You Can’t Compete With Babes


Considering how hard I took the news of his dismissal, I had to keep reminding myself that Robert Christgau didn’t die—he just doesn’t write for the Voice anymore.

Tim Grierson

Los Angeles, California

I’ve been writing for the Voice for about seven years, and, honestly, when I first started pitching story ideas to then-editor Chuck Eddy, I was wild about the thought that I was gonna be published in the same paper that ran stories by Greg Tate, Jeff Chang, “Media Assassin” Harry Allen, Camden Joy, “Metal” Mike Saunders (my fave, hands down), George Smith, Gary Giddens, Kelefa Sanneh, and, yes, Robert Christgau.

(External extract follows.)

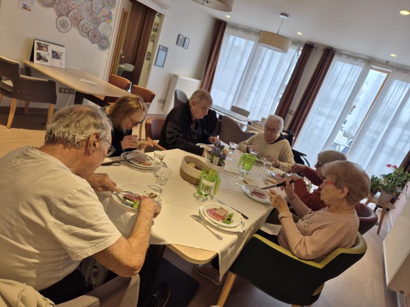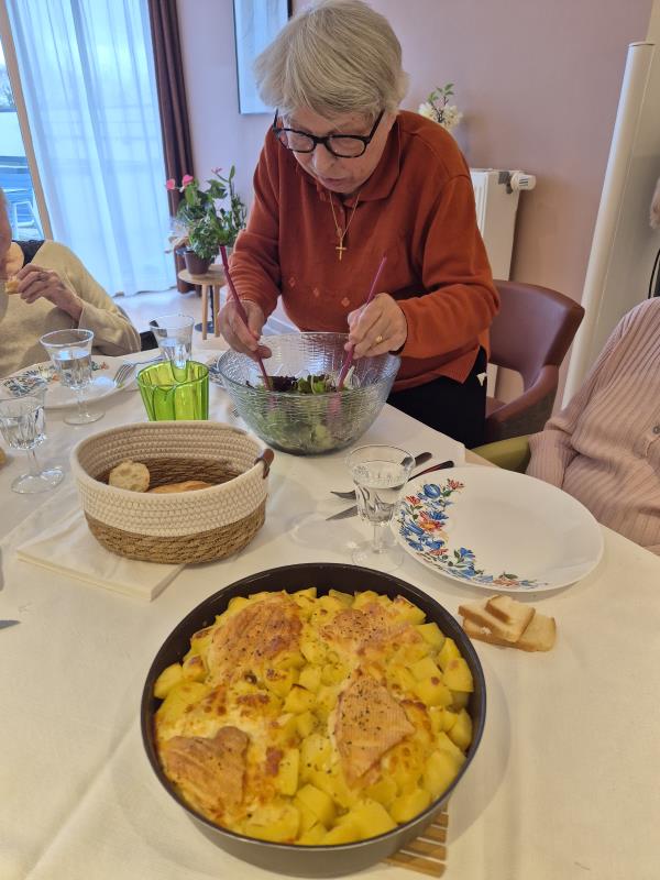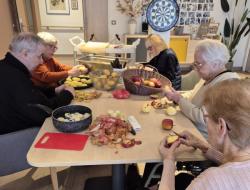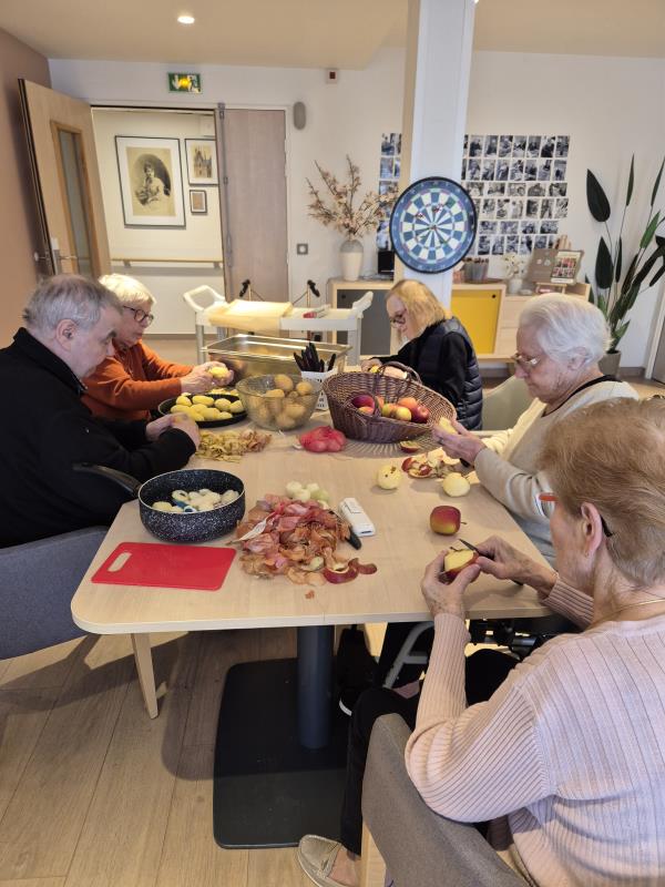 Au programme : épluchage des pommes de terre, découpe, préparation des ingrédients… chacun a participé selon ses envies et ses capacités. Ce temps d’atelier cuisine est bien plus qu’une simple activité : il mobilise les gestes du quotidien, stimule les souvenirs, favorise l’autonomie et encourage la coopération.

As far as I know, the Voice was the only publication whose music section regularly served up long-form criticism by some of the country’s smartest, edgiest, and most passionate wordsmiths. Not a lot of sound-bite reviews. Not many cordial interviews with flavors of the month. Zero predictability. The emphasis wasn’t on entertaining readers or spoon-feeding them information. It was on applying to popular music the same intellectual rigor and personal (but not necessarily first person-specific) perspectives regularly used by professional wonks to make sense of art/architecture, books, film, and theater. Now that the cool long-form criticism and its chief producers are gone, how will the Voice‘s music section distinguish itself from every other mag’s? The writing is still strong, but the writing’s strong everywhere. And Rolling Stone and Blender run photos of babes. And everyone knows, you can’t compete with babes.

Anthony Mariani

Fort Worth, Texas

Come to think of it, why bother with remarks? This ballot is sent almost as a protest, not from the elements of fat that Christgau said marbled the list of critics a couple of years ago, but from the ornery gristle that sticks around after his departure. May the Voice and P&J both choke on it. Truth is, if the dean weren’t taking part in this poll as well, I probably wouldn’t have either. So he better turn up on the participating list.

Ted Cox

Chicago, Illinois

Finally, I have no doubt that people who were much closer to the whole situation will have much more trenchant comments about the dismissal of Robert Christgau from the pages of the Voice, but as somebody who started reading the Consumer Guide (in the pages of Creem!) only a year after Dylan last hit #1, it just seemed stupid and shortsighted to me.

Jim Connelly

Glendale, California

When New Times fired Christgau and Eddy from the Voice I figured that contributing to the Pazz & Jop poll would be as unpleasant as walking through a picket line, but when I read that Christgau would still be voting I concluded that contributing would be like going to Wal-Mart, an unpleasant thing that I rationalize. So hey, New Times, you should still be ashamed, but thanks at least for getting Christgau on NPR, where he’s nicely bringing Lil’ Jon to the middlebrow masses.

Steve Kiviat

Arlington, Virginia

And by god, Robert Christgau’s dumping by this paper made me angry as well. For almost a quarter-century, I’ve come to the Voice knowing I could read someone who could and did write insightfully and passionately about Captain Beefheart and Karen Carpenter, who didn’t write off hip-hop or let indie rock put a ring through his nose. Yes, he could be obtuse; yes, his political and philosophical biases could impact his writing with all-too-predicable results; yes, he stretched himself thin, and extended himself ridiculously over many barrels. But the fucker was funny, thought-provoking, committed, and smart. Which is more than I can say for that douchebag “Status Ain’t Hood.” I mean, come on—Michael Musto’s approach works for celebrity, but for popular art? You just cut your own nuts off. Now I’d rather read Rolling Stone—even Blender!!!!—if only because I know I am going to get brief but incisive commentary from a writer whose critical faculties I can trust. Hopefully, Francis Davis won’t be the next to go.
Phil Overeem

Columbia, Missouri

Weep not for the Dean. Longer than many of you have been alive, he actually had a job. The last time I had a job, it was 1998. Since then, just gigs. My wife’s the one with the job. Consequently, this freelancer has learned how to block a sweater. My pork tenderloin isn’t bad either. The net giveth and the net taketh away. All my paid work in ’06 was short, snappy, upbeat copy for a publication that will cease to exist as soon as portable, flexible, inexpensive screens bring online content to D.C. straphangers. The upside? With thoughtful, long-form arts journalism in full retreat, I’ve started reading books again. Pretty damn good, those things.